(Dataset excerpts)
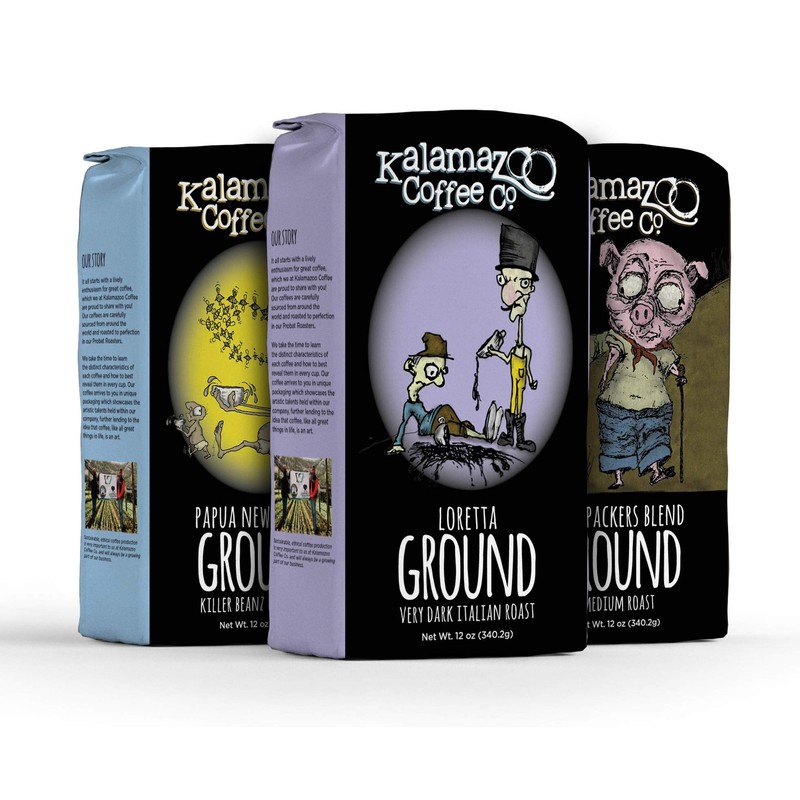 KALAMAZOO COFFEE COMPANY Ground Coffee Variety Pack - Backpackers Blend, Loretta, & Papua New Guinea | 12oz Bag (3 Pack)
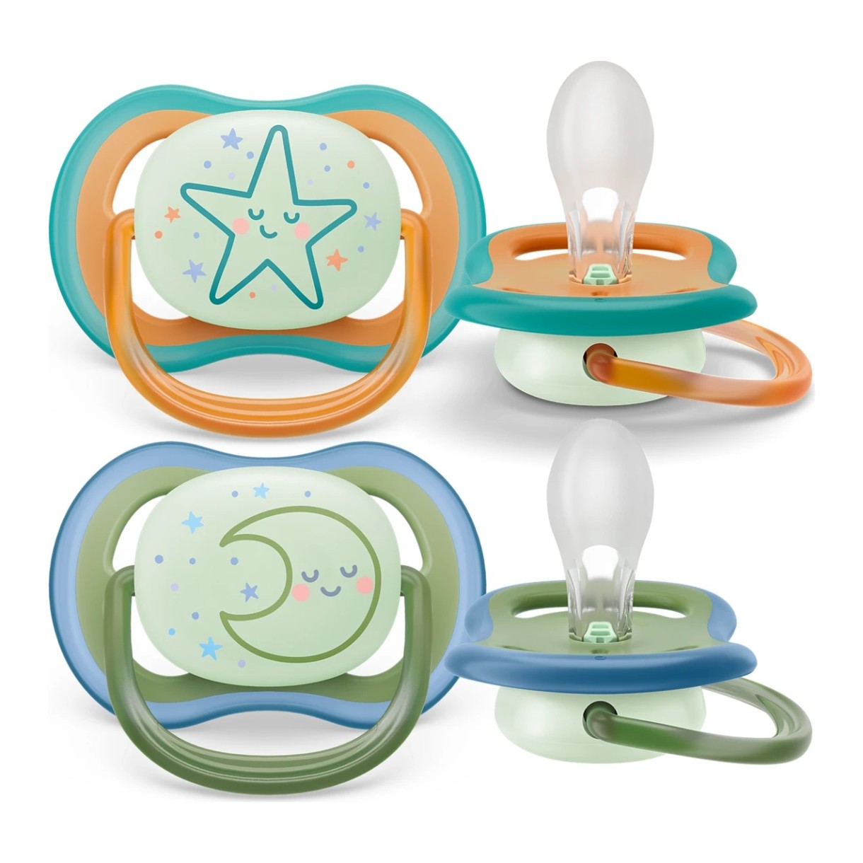 Suzeta care chiar liniștește. Philips Avent Ultra Air este prevăzută cu orificii mari de ventilație pentru a menține pielea bebelușului uscată. Este dotată cu un buton care luminează în întuneric, permițând găsirea ușoară chiar și pe timpul nopții.
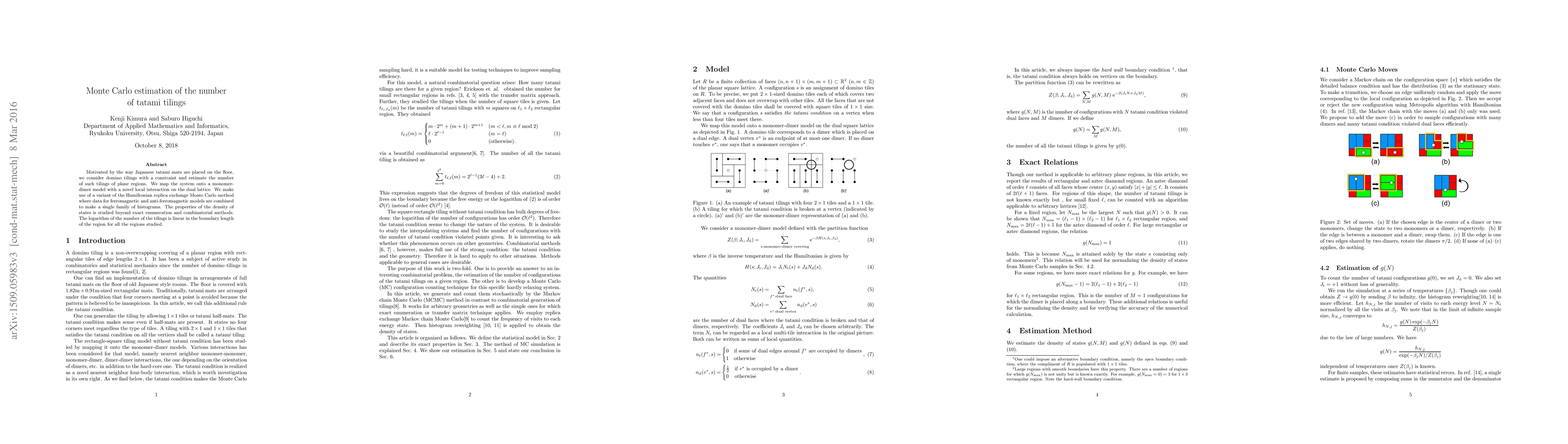 This paper estimates the number of tatami tilings of plane regions using Monte Carlo methods, mapping the problem onto a monomer-dimer model with a unique interaction. The study employs Hamiltonian replica exchange Monte Carlo and multi-parameter reweighting, revealing a linear relationship between the logarithm of tilings and the boundary length of the region.
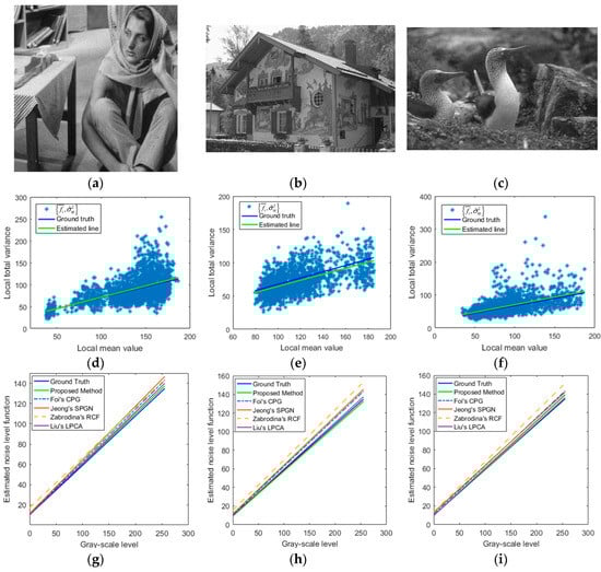 Different Poisson-Gaussian noise (PGN) level estimation methods on three images, and the proposed method out-performs several existing PGN estimation methods. (a–c) are noisy images (“Barbara,” “House,” “Birds”) with and ; (d–f) are the results of our parameter estimation algorithm respectively; (g–i) are the results of different PGN estimation methods respectively.
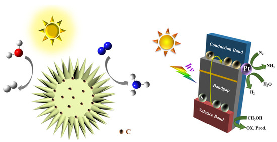 - Wang, S.Y.; Ichihara, F.; Pang, H.; Chen, H.; Ye, J.H. Nitrogen fixation reaction derived from nanostructured catalytic materials. Adv. Funct. Mater. 2018, 28, 1803309. [Google Scholar] [CrossRef]
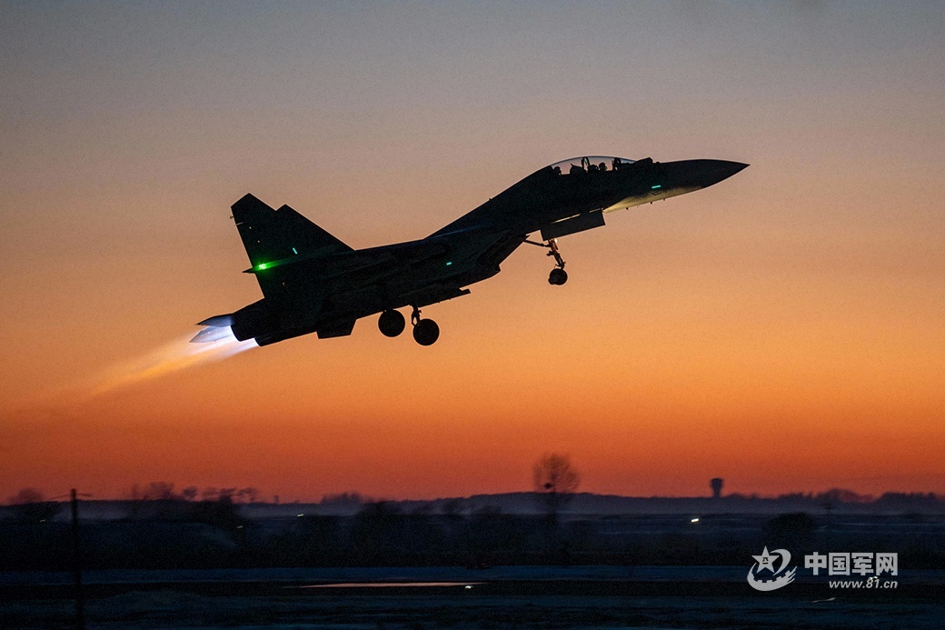 战机在暮色中加力升空。
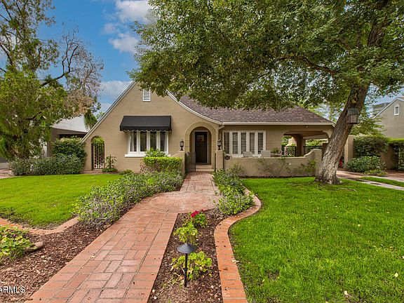 The sunny kitchen is a sweet space with gorgeous black-and-white striped wood floors, a brick-exposed wall, a vintage O'Keefe Merritt gas stove, and a charming breakfast nook. The separate family room offers a cozy retreat with a gas fireplace and seamlessly connects to an outdoor patio.
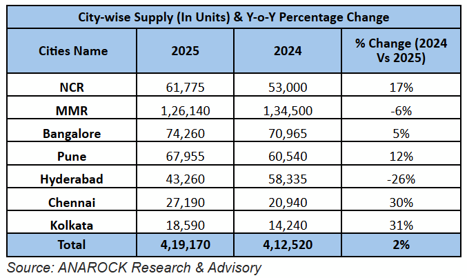 New launches in the top 7 cities saw a 2% annual increase – from approx. 4,12,520 units in 2024 to approx. 4,19,170 units in 2025.

--- Description of the task ---
Return the data above unchanged. Pictures are not part of the copy.

--- Result ---
 KALAMAZOO COFFEE COMPANY Ground Coffee Variety Pack - Backpackers Blend, Loretta, & Papua New Guinea | 12oz Bag (3 Pack)
 Suzeta care chiar liniștește. Philips Avent Ultra Air este prevăzută cu orificii mari de ventilație pentru a menține pielea bebelușului uscată. Este dotată cu un buton care luminează în întuneric, permițând găsirea ușoară chiar și pe timpul nopții.
 This paper estimates the number of tatami tilings of plane regions using Monte Carlo methods, mapping the problem onto a monomer-dimer model with a unique interaction. The study employs Hamiltonian replica exchange Monte Carlo and multi-parameter reweighting, revealing a linear relationship between the logarithm of tilings and the boundary length of the region.
 Different Poisson-Gaussian noise (PGN) level estimation methods on three images, and the proposed method out-performs several existing PGN estimation methods. (a–c) are noisy images (“Barbara,” “House,” “Birds”) with and ; (d–f) are the results of our parameter estimation algorithm respectively; (g–i) are the results of different PGN estimation methods respectively.
 - Wang, S.Y.; Ichihara, F.; Pang, H.; Chen, H.; Ye, J.H. Nitrogen fixation reaction derived from nanostructured catalytic materials. Adv. Funct. Mater. 2018, 28, 1803309. [Google Scholar] [CrossRef]
 战机在暮色中加力升空。
 The sunny kitchen is a sweet space with gorgeous black-and-white striped wood floors, a brick-exposed wall, a vintage O'Keefe Merritt gas stove, and a charming breakfast nook. The separate family room offers a cozy retreat with a gas fireplace and seamlessly connects to an outdoor patio.
 New launches in the top 7 cities saw a 2% annual increase – from approx. 4,12,520 units in 2024 to approx. 4,19,170 units in 2025.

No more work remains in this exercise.